Тихо ойкнув себе под нос, он приподнял веки. Два ясных голубоватых озера разглядывали его в упор. Только секунду спустя до него дошло, что это чьи-то глаза. Когда-нибудь в молодости от такого зрелища он непременно подскочил бы с воем до потолка. Однако после годов и даже десятилетий рядом с Пинки Пай это сделалось само собой разумеющимся — а, скорее, вообще обязательным.

— Приветик, Кэррот! Мне послышалось, ты что-то сказал, а потом грохнулся с лестницы. Что-то вроде «Это еще в каком смысле „подрался“?!» но я-то уж точно ни с кем не дралась а поэтому подумала может ты подумал что я крикнула что-то вроде «А, лимонные безе?» — но это ж полная бессмыслица так что я побежала тебя переспросить но тут вспомнила как ты бухнулся с лестницы а это-о-о…

Кэррот подождал, пока она переведет дыхание.

— …А это гораздо важней. Важнецки важней, я б сказала, так что я приволокла аптечку и перевязала тебя. Ну как, лучше?

Кэррот целую секунду переваривал ее словесный поток, после чего оглядел себя: действительно, его замотали в марлю. Ну что тут скажешь: живешь с Пинки — принимай, не удивляйся.

— Э-э, да, Пинки, это самое я и сказал. Прости, что переполошил, — он с трудом поднялся на ноги.

Поборовшись чуток со сложной паутиной бинтов, он сделал шаг и опять растянулся на полу. Ноги путались в слоях белой ткани, покрывавшей все тело, отчего он походил на обитателя какой-нибудь древней гробницы.

— Ой-ей! — хихикнула Пинки. — Перестаралась, кажись, а? Ну-ка, давай помогу!

— Ты здесь ни при чем, Пинки.

Пинки окинула его взглядом с ног до головы и, ухватив свободный конец зубами, потянула марлю на себя. И пока бинты сходили, обнажая новые беловатые слои, он что есть сил старался поддерживать разговор:

— Нет, ты тут совсем ни при чем, просто я… ну, чего лукавить, рассеянный я какой-то сегодня. Все…

— Все не выпускаешь из головы Пампкин и Паунда, слышишь их голоса, шаги и вообще всякое, будто они еще дома?

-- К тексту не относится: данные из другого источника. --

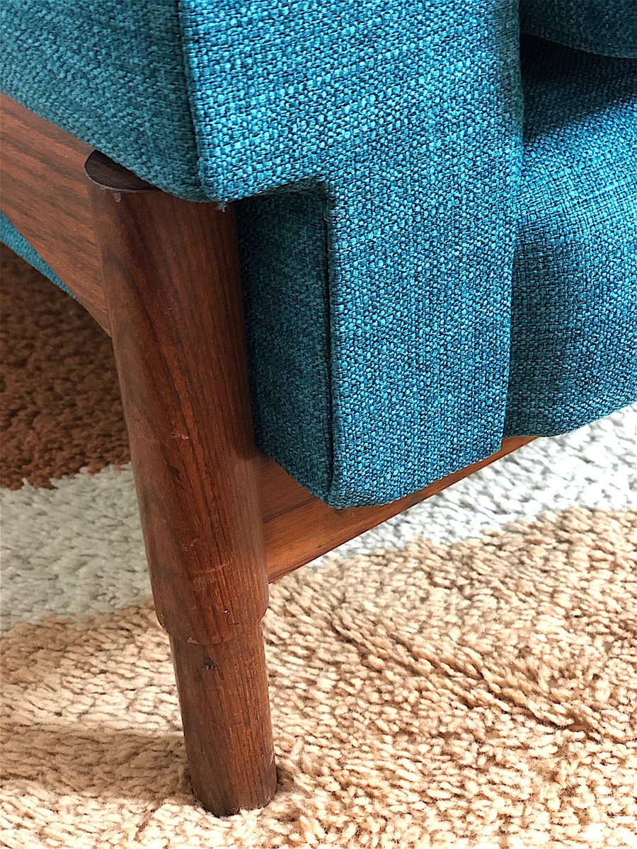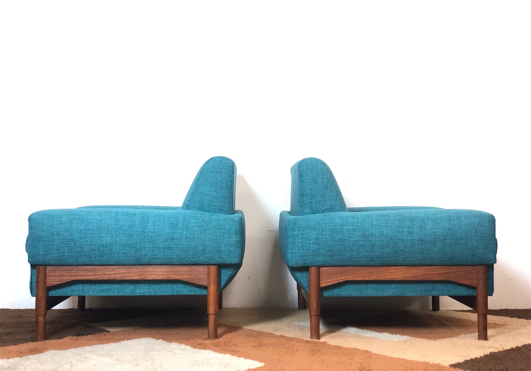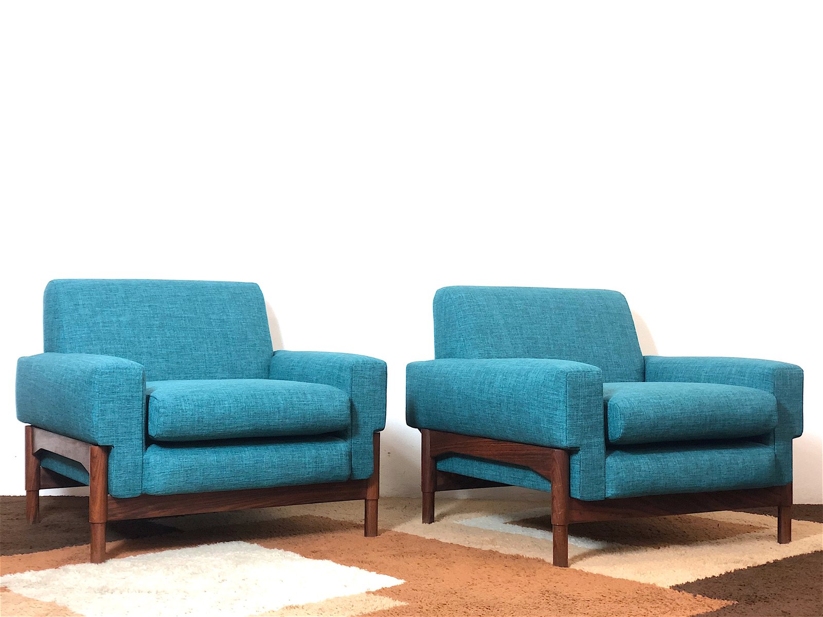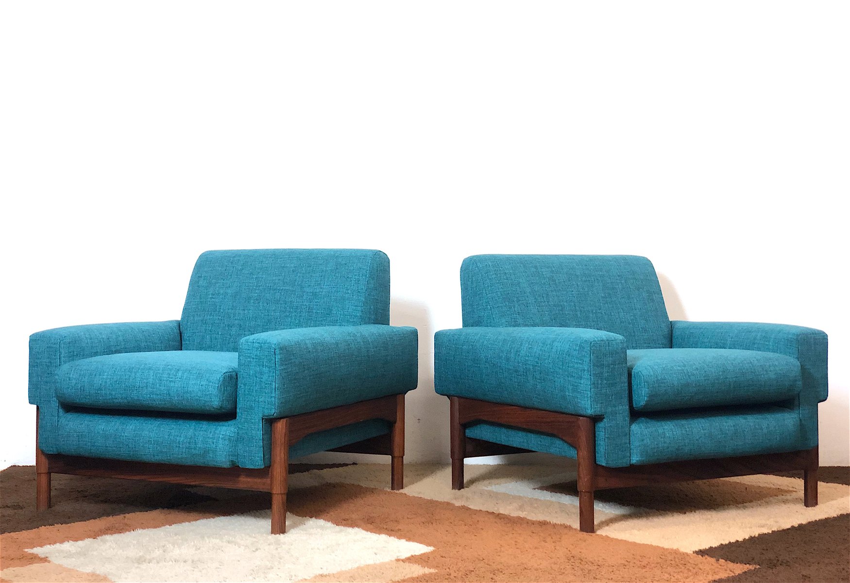 Pair of Vintage "KIUSHU" Armchairs - Made in Italy - The armchairs are of Italian manufacture from the 1960s. The KIUSHU model was designed by the SAPORITI brothers, they stand out for a low and wide structure with generous padding, completely restored with new interior and upholstery. The structure is in solid National Walnut wood, internal padding made of high quality polyurethane foam, covered in Sky Blue cotton fabric. The KIUSHU model is an excellent example of Italian design from the 60s, characterized by futuristic lines. This armchair model stands out for an extremely innovative design that mixes sculptural shapes with ergonomic functionality. Ready to furnish your living room, with a modern style that makes these pieces adaptable to various contexts. PERFECT CONDITIONS Measurements: Height 75 cm - Width 85 cm - Depth 85 cm - Seat 50x60 cm - Seat height 45 cm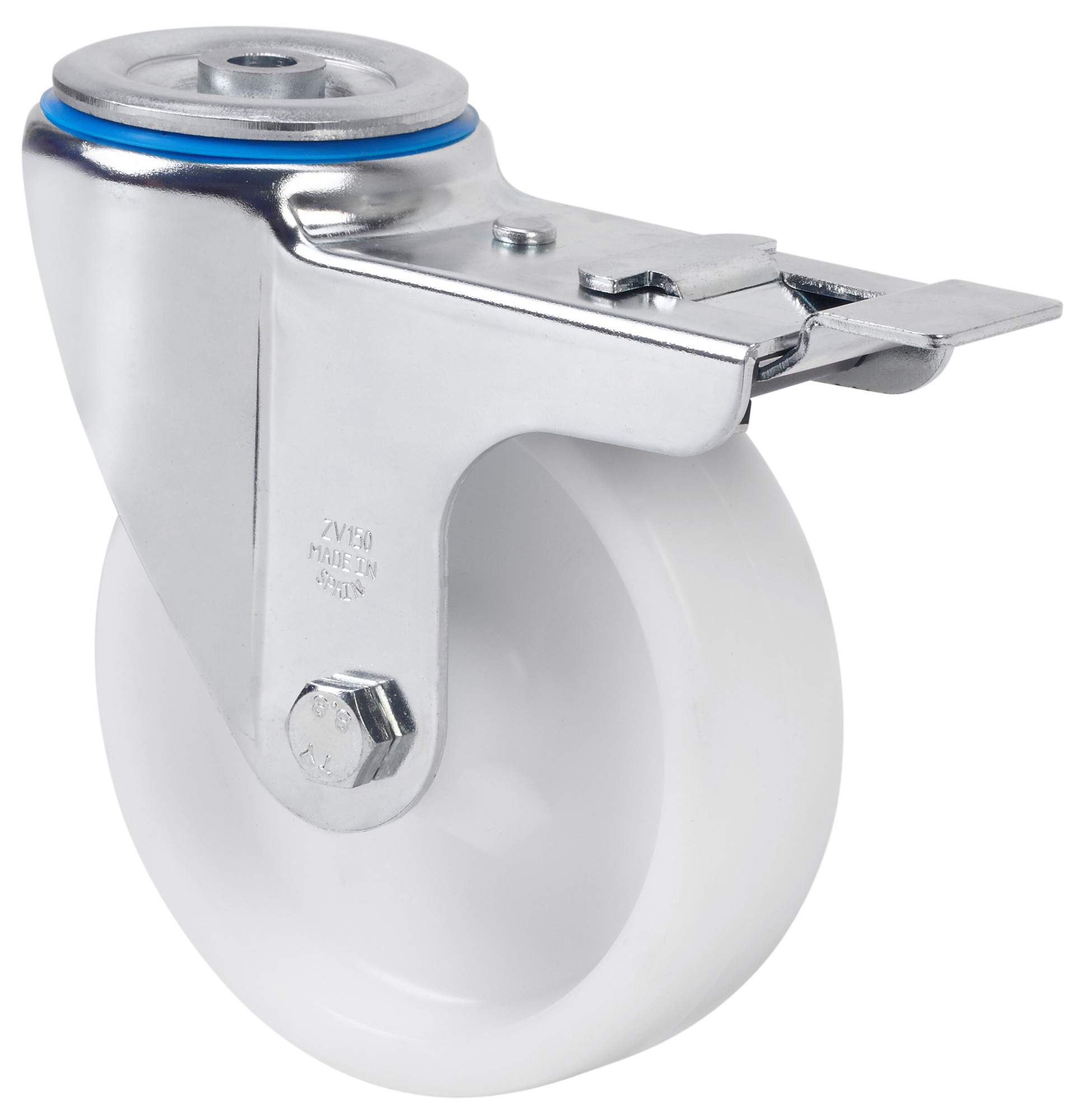 ALEX – RUEDA GIRATORIA.AGUJERO M12 FRENO 20ZVFD125-UT POLIAMIX BLANCO EJE LISO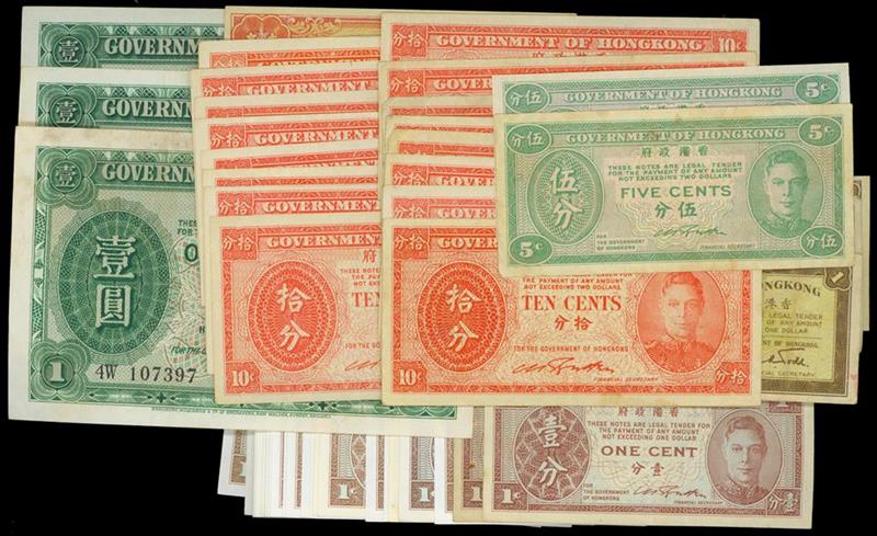 Government of Hong Kong, lot of 51 notes, 1cent to 1dollar, 1940's to 1950's, fine to uncirculated, viewing highly recommended (51).
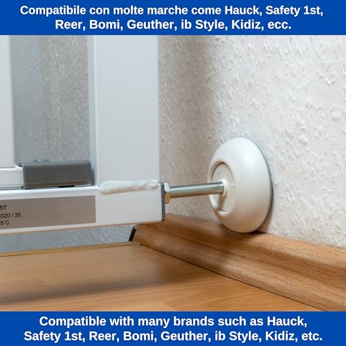 ✅ [ORA ANCHE SICURO - CON TAPPI DI SILICONE PREMIUM] Vogliamo rendere il vostro cancelletto per bambini ancora più sicuro - la nostra nuova versione dei nostri tamponi da parete per cancelli per scale è ora dotata di tamponi in silicone spessi.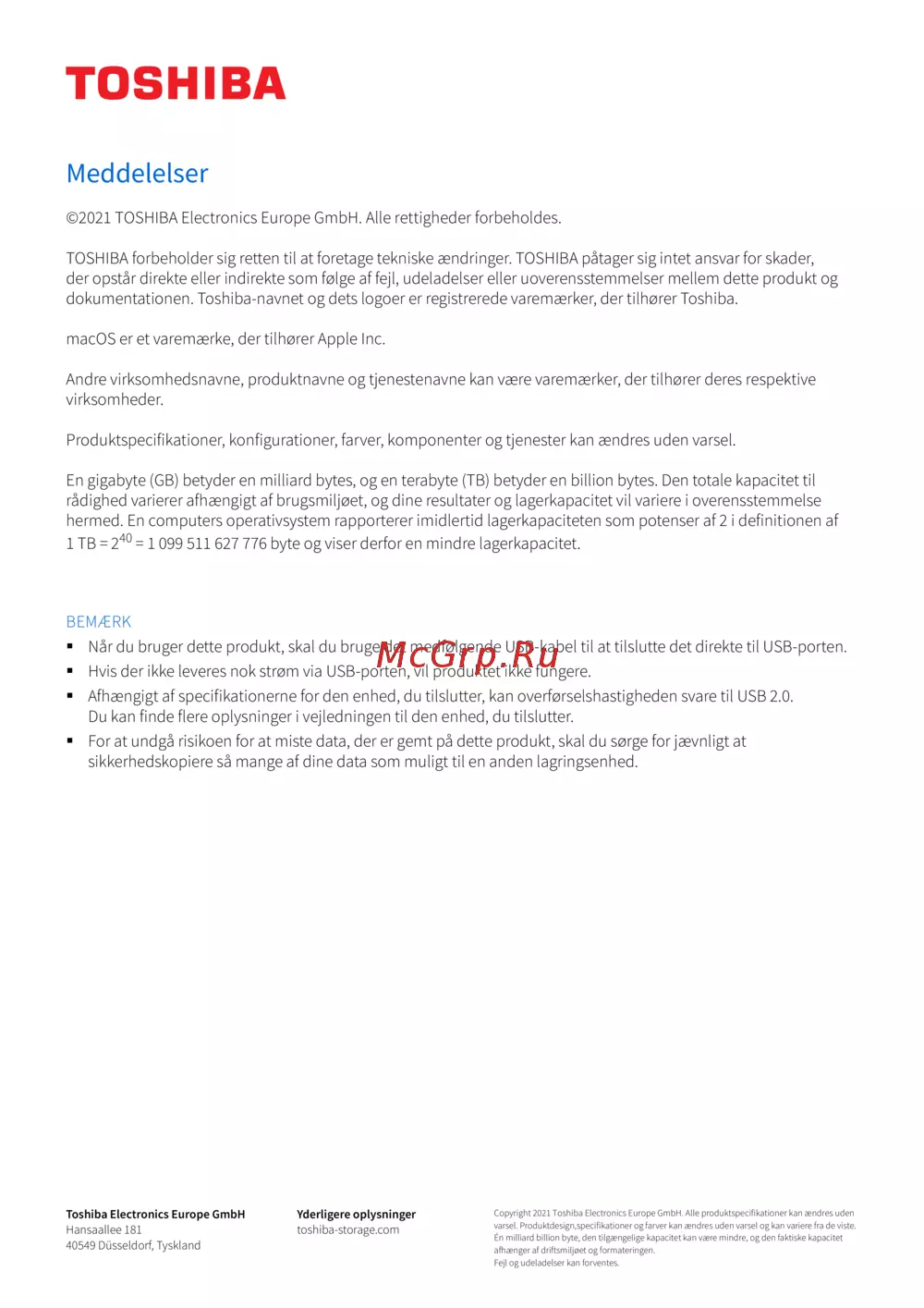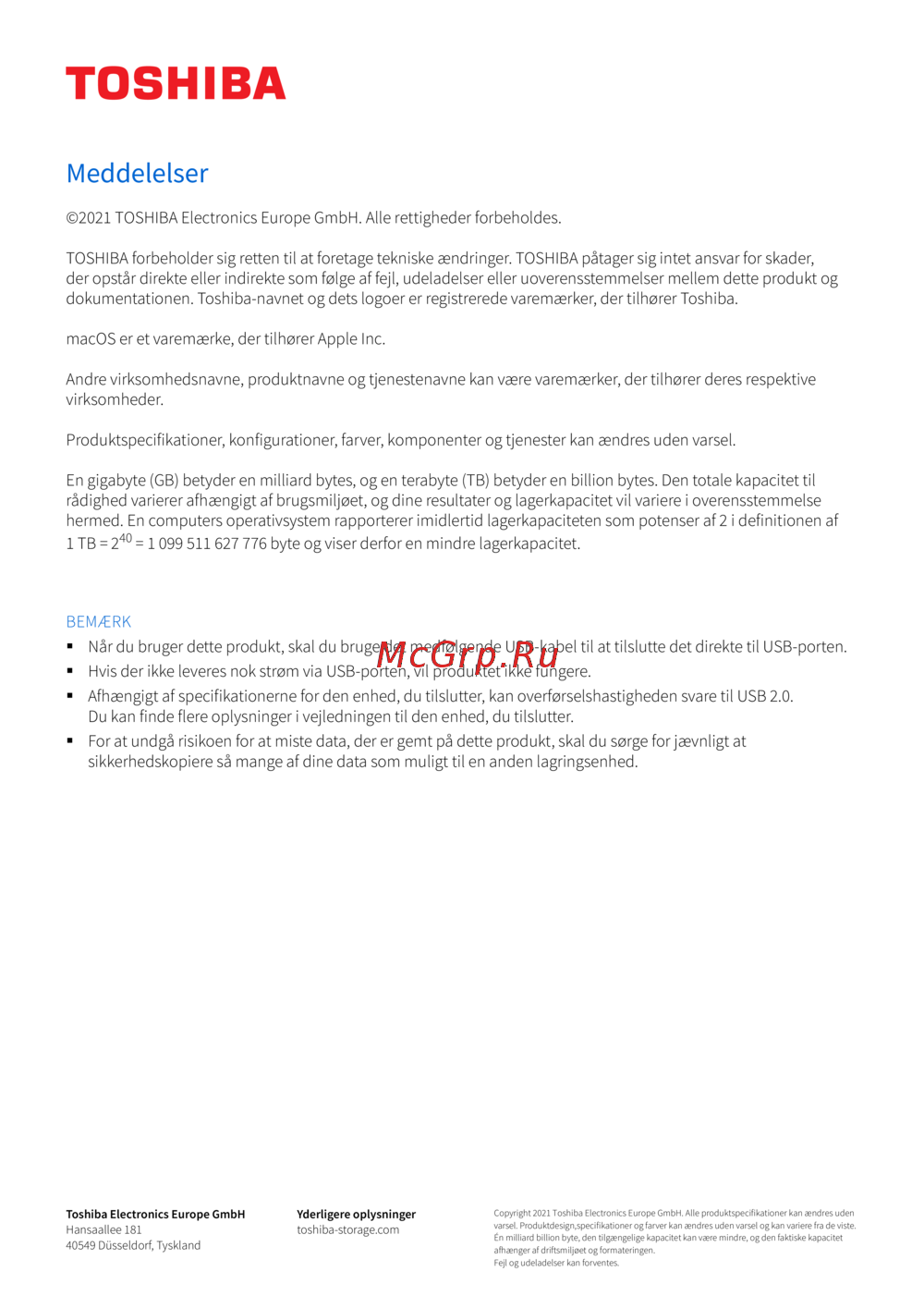 opyright 2021 Toshiba Electronics Europe GmbH. Alle produktspecifikationer kan ændres uden

— …все не выпускаю их из гол… овы, да, как-то так, — подытожил Кэррот. Теперь и сама кобыла была наполовину замотана в марлю. Достойная партия обитателю гробницы. Удивительно, как Кэррот еще успел договорить… а хотя… что там было про жизнь с Пинки?

— Я тоже жуть как по ним скучаю. Потому и удивляюсь, как вы с Капкейк не присоединились к моим грандиозно-великим утренним рыданиям, — она поймала свободный конец марли.

Кэррота будто ударили под дых.

— Что ты такое говоришь, Пинки? Мы с Каппи вчера прорыдали весь вечер, когда садили их на поезд. Все глаза выплакали. И заснули в слезах!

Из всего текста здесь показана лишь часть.